1. Diferentes fontes de iluminação
A fonte de iluminação utilizada no microscópio é o fluxo de elétrons emitido pelo canhão de elétrons, e a fonte de iluminação do microscópio óptico é a luz visível (luz do sol ou luz). Como o comprimento de onda do subfluxo é muito menor que o comprimento de onda da onda de luz, a ampliação e a resolução do microscópio eletrônico são significativamente maiores do que as do espelho de luz. .
2. Lentes diferentes
A lente objetiva que amplia no microscópio eletrônico é uma lente eletromagnética (uma bobina eletromagnética em forma de anel que pode gerar um campo magnético no centro), e a lente objetiva de um microscópio óptico é uma lente óptica feita de vidro.

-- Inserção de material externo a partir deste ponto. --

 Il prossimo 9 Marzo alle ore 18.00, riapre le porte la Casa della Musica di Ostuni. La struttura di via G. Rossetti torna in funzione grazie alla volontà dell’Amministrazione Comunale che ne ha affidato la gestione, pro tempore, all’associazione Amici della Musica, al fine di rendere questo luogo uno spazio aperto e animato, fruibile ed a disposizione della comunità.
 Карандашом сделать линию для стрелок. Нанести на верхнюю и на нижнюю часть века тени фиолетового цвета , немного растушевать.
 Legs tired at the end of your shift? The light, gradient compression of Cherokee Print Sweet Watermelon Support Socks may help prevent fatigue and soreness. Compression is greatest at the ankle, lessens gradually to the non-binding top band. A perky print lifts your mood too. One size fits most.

Existem três grupos de lentes eletromagnéticas em microscópios eletrônicos, que são equivalentes às funções de objetiva condensadora e ocular em microscópios ópticos.

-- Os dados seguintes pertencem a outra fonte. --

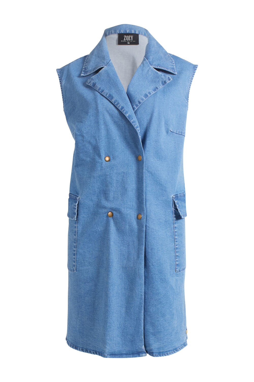 Vest Dawn is een stijlvoll en moderne vest van klassiek denim.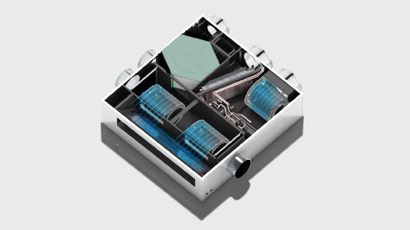 Thanks to its ability to constantly renew indoor air without the need to open windows, the system helps maintain a healthy environment with filtered, oxygen-rich air, while eliminating carbon dioxide, fine dust, odours and volatile organic compounds. In addition, it uses the energy contained in the exhaust air as a source to power an internal heat pump, heating or cooling rooms efficiently, with the correct degree of humidity and significant energy savings when outside conditions allow.

3. Diferentes princípios de imagem
No microscópio eletrônico, o feixe de elétrons que atua na amostra a ser inspecionada é ampliado por uma lente eletromagnética e, em seguida, atinge uma tela fluorescente para geração de imagens ou age sobre um filme fotossensível para geração de imagens. O mecanismo da diferença na densidade de elétrons é que quando o feixe de elétrons atua na amostra a ser testada, os elétrons incidentes colidem com os átomos da substância para gerar espalhamento, e diferentes partes da amostra têm diferentes graus de espalhamento para os elétrons, então a imagem eletrônica da amostra é apresentada em tons. A imagem do objeto da amostra no microscópio óptico é apresentada com uma diferença de brilho, causada pela diferença na quantidade de luz absorvida pelas diferentes estruturas da amostra.
4. Resolução
Por causa da interferência e difração da luz, a resolução dos microscópios ópticos só pode ser limitada a 02-05um. Como os microscópios eletrônicos usam feixes de elétrons como fontes de luz, a taxa de falha pode atingir entre 1 e 3 nm. Portanto, a observação de tecidos de microscópios ópticos pertence à análise em nível de mícron, e a observação de tecidos de microscópios eletrônicos pertence à análise de nível nano.
5. Profundidade de Campo
Geralmente, a profundidade de campo de um microscópio óptico está entre 2-3um, então a lisura da superfície da amostra é extremamente exigente, então o processo de preparação da amostra é relativamente complicado. O espírito do SEM pode chegar a vários metros, portanto, não há necessidade de suavidade da geometria da superfície da amostra, a preparação da amostra é relativamente simples e algumas geometrias da amostra não requerem preparação da amostra. Os microscópios estéreo têm uma profundidade de campo relativamente grande, mas sua resolução é muito baixa.
6. Diferentes métodos de preparação de amostras são usados
O procedimento de preparação de espécimes de tecidos e células utilizados para observação submicroscópica é complexo, com alta dificuldade técnica e custo. São necessários reagentes e operações especiais nas etapas de amostragem, fixação, desidratação e inclusão. Finalmente, os blocos de tecido incorporados precisam ser colocados em um ultramicrótomo para cortar espécimes ultrafinos com uma espessura de 50 ~ 100 nm. Os espécimes observados por microscopia de luz são geralmente colocados em lâminas de vidro, como espécimes de fatias de tecido comuns, espécimes de esfregaço de células, espécimes de tecidos prensados e espécimes de gotas de células.
7. Ampliação
A ampliação efetiva do microscópio óptico é 1000X. A ampliação efetiva de um bom microscópio elétrico pode chegar a 1.000.000X.